Don't waste your time when you're on holiday in Cairns and tropical north Queensland. Find out the over-hyped spots to avoid (and where to go instead).
Cairns is the fastest growing regional centre in the country and a beautiful, safe place generally speaking. It possesses a multinational mix of local and visiting Aussies and international tourists from around the world. It is an international port situated at the foot of the vast Cape York wilderness and as such attracts all types of people from lovely dedicated residents to the world’s escapees. Everyone who comes to Cairns brings along their take on how life in the tropics should be lived and in this multinational mix there are some pretty disparate attitudes about personal safety.
Don’t walk alone late at night or in the early hours whether you’re male or female. Share a cab from the club or walk in a big group with someone sober enough to respond to emergency. Carry your mobile phone and file the number of your accommodation. Avoid riding a bicycle alone after midnight anywhere and always wear reflective clothing and have a light a night. Just act as if the same miniscule percentage of low life scum in your hometown is in our hometown.
The number of restaurants along the Cairns waterfront continues to grow offering an amazing array of international cuisine combined with supreme views of sky, water and emerald green mountains.
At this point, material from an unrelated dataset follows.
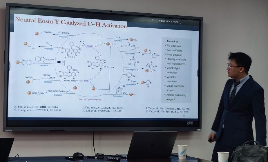 3月8日上午,公司邀请新加坡国立大学吴杰教授做客公司“化学之光·名师讲坛”并做“On-Demand Synthesis of Organic Small Molecules”主题报告。讲坛由冯超教授主持,公司师生参加了本次讲坛。

Try the Salt House premierely positioned and designed as the ultimate in cool in NQ building a big beautiful roof with cantilevered decks over the Inlet with charming nooks and crannies. View makes the experience as service and food is average.
For those who like a crowded and not attractive try the Esplanade strip. Don’t expect gourmet food or the finest wines and service is nine out of ten visa holding backpackers.
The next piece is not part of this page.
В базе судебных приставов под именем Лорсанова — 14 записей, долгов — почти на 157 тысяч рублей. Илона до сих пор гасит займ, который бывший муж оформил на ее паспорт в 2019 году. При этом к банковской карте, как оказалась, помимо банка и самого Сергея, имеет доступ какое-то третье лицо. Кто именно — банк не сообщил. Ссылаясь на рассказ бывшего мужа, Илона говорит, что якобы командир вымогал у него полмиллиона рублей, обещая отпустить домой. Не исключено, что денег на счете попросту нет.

Ask a local where they love to go for good Cairns food and they will tell you the Naked Nut on Collins Avenue for lunch and dinner (try the crispy Atlantic salmon). For Thai try the Thai Orchid Spicy in Freshwater (where the Coconut Chicken is great and the Pad Thai authentic). Locals like to party on weekends and siesta on Monday and Tuesday nights, so bookings in the burbs are essential.
Everyone has their idea of what nightlife is all about, but, know that in Cairns most of it is dedicated to the young backpack totting lifestyle. Very little is on offer for the slightly sedate, sleek or classy. Try the Court House Hotel on Abbot St for a taste of regional sophistication in a heritage building. Avoid Gilligans on Grafton and the Wool Shed on Shield St unless you are into drunk as skunk youngsters who argue and jostle with each other and the bouncers. The Pier on the Marina is home to the Pier Bar and Grill and Bella Vista, both popular with young and old but forget it if you are after quiet conversation at a Sunday session. The people partying noise level is deafening on the weekend mellower for sweet talk on a week night.
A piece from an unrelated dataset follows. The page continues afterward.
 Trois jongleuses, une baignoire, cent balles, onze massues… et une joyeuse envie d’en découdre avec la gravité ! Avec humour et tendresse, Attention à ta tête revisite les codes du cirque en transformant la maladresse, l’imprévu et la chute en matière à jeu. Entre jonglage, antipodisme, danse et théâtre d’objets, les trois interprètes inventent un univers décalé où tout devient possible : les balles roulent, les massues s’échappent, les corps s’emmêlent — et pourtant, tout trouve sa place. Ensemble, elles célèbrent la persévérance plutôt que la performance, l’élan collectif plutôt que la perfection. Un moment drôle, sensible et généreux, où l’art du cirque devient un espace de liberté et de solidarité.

A trip to Cairns is indeed incomplete if you miss seeing the Great Barrier Reef, but Cairns can be a windy place with SE blustering on shore anywhere from 15-30knots in the winter months. September March is the best bet for calmer weather. And if your tummy has not got sea legs and you happen to visit in windy weather try a shorter trip to Green or Fitzroy Islands where with you can spend most of the time with your feet mostly planted on terra firma and can snorkel on reef just off shore for short periods. Or if just can’t miss the most glorious underwater world on the face of the earth travel to the reef on a company that uses catamarans. Reef Magic Cruises is locally owned and uses fast stable cats taking you straight to their all weather Marine World platform. Dive or snorkel from here and if you a treat fly in one of the companies helicopters. The Reef is from the air is a heavenly experience.